- Earling Earling
- Coordinates: 37°45′59″N 81°54′55″W﻿ / ﻿37.76639°N 81.91528°W
- Country: United States
- State: West Virginia
- County: Logan

Area
- • Total: 0.19 sq mi (0.48 km^{2})
- • Land: 0.17 sq mi (0.44 km^{2})
- • Water: 0.015 sq mi (0.04 km^{2})
- Elevation: 732 ft (223 m)

Population (2020)
- • Total: 76
- • Density: 450/sq mi (170/km^{2})
- Time zone: UTC-5 (Eastern (EST))
- • Summer (DST): UTC-4 (EDT)
- ZIP Code: 25632
- Area codes: 304 & 681
- GNIS feature ID: 1538495
- FIPS code: 54-23020

= Earling, West Virginia =

Unincorporated community in West Virginia, United States

Earling is an unincorporated community and census-designated place (CDP) in Logan County, West Virginia, United States. It was first listed as a CDP prior to the 2020 census, in which the population was 76. The Earling post office closed on July 1, 1989. The town now shares ZIP Code 25632 with Lyburn and Taplin.
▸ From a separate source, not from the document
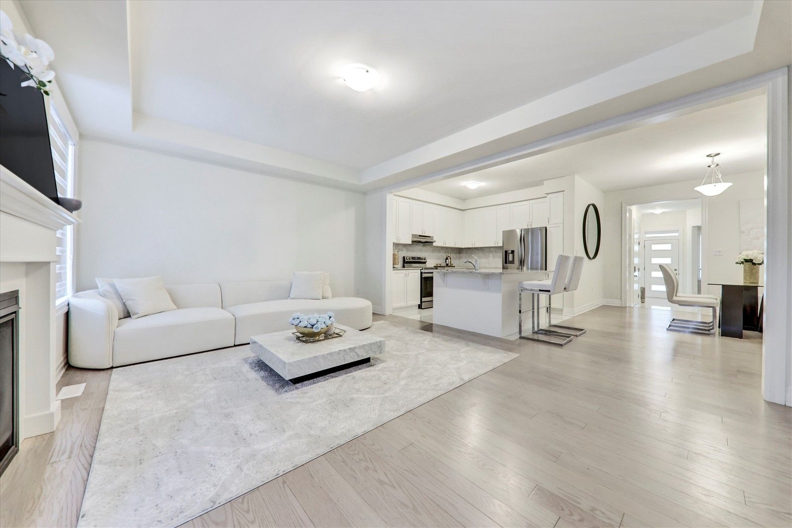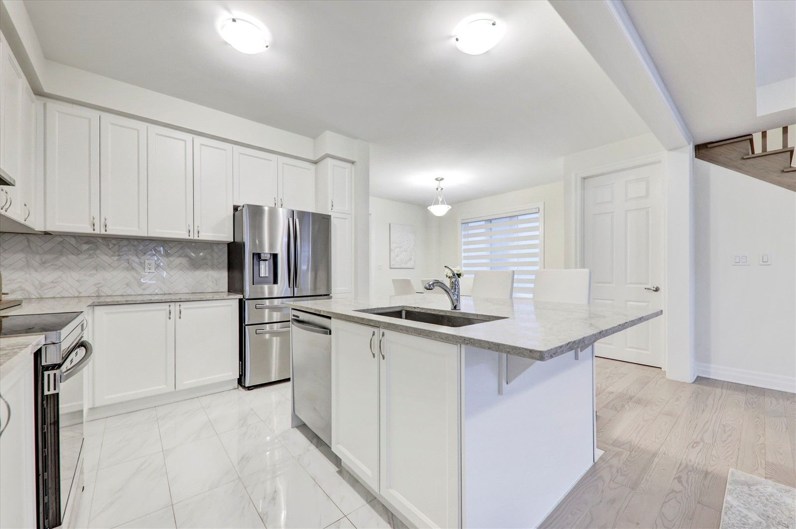 • Open-concept kitchen with quartz countertops and a cozy breakfast bar.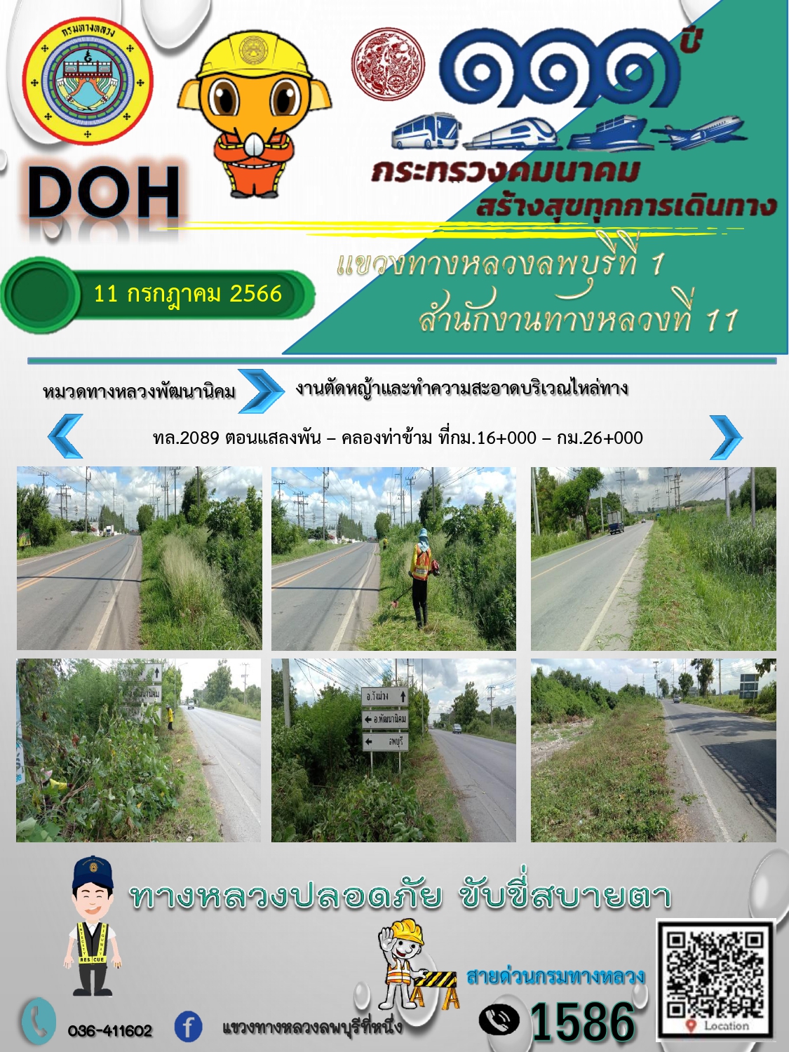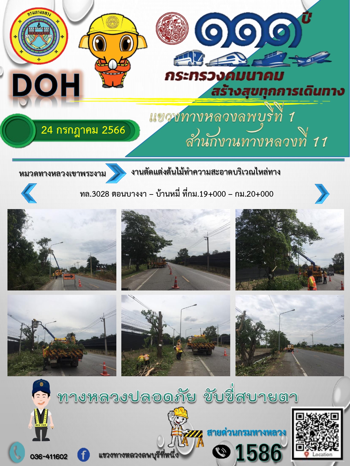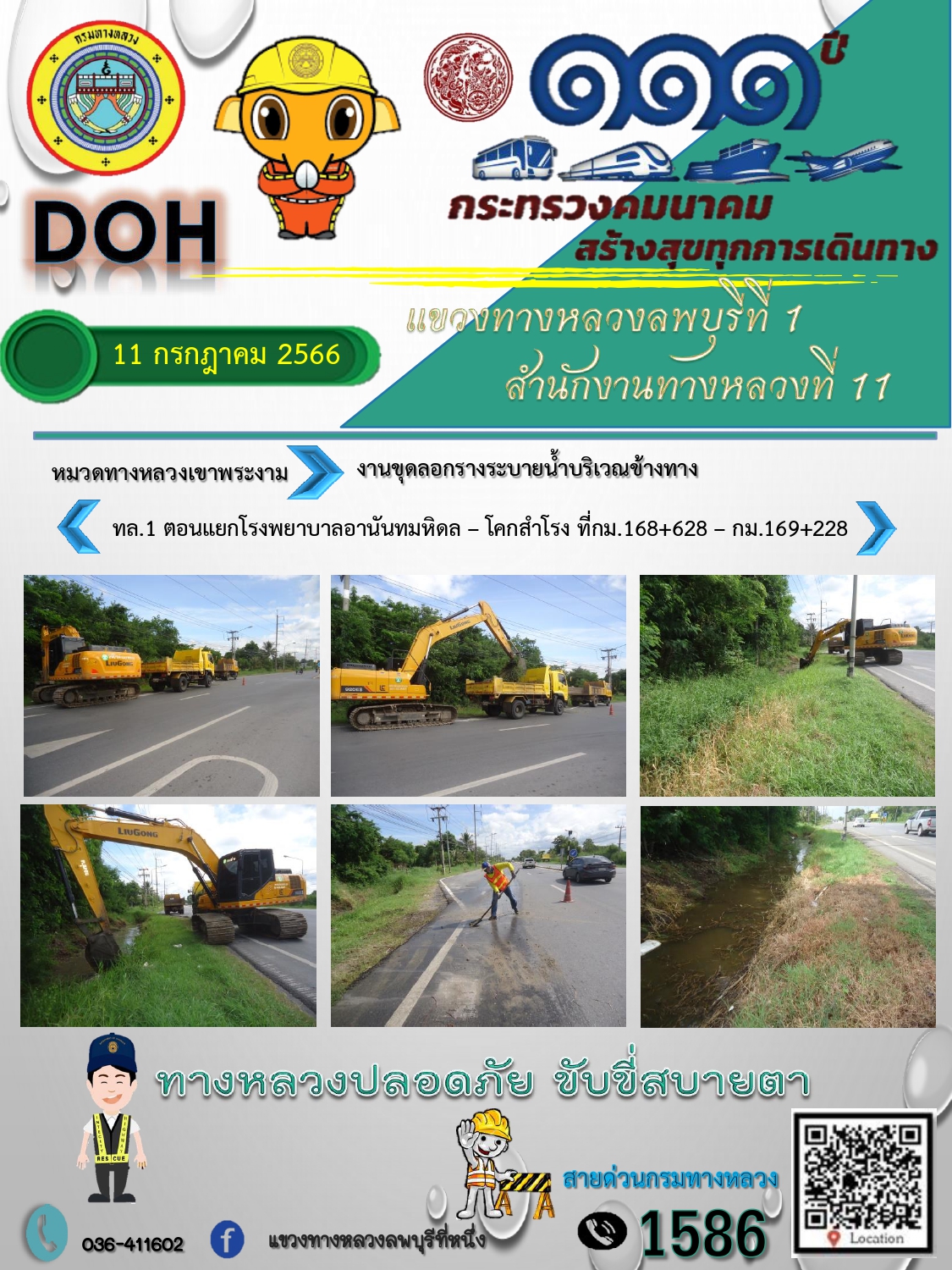 ทางหลวงปลอดภัยขับขี่สบายตา แขวงทางหลวงลพบุรีที่ 1 ประจำวันที่ 11 กรกฎาคม 2566

The community used to be known as "Ferndale" and "Manbar"; its name was changed to Earling in 1906. The present name is after a pioneer settler.

==Geography==
Earling is in south-central Logan County, on the east side of the Guyandotte River. West Virginia Route 10 formerly went through the center of town but is now a four-lane highway that bypasses the town on the west side of the river; the closest access is half a mile to the northwest from Rich Creek Road. The town of Man is 2.75 mi to the southeast.

According to the U.S. Census Bureau, the Earling CDP has a total area of 0.48 sqkm, of which 0.04 sqkm, or 8.70%, are water. The Guyandotte River, which comprises the water area, is a north-flowing waterway which joins the Ohio River east of Huntington.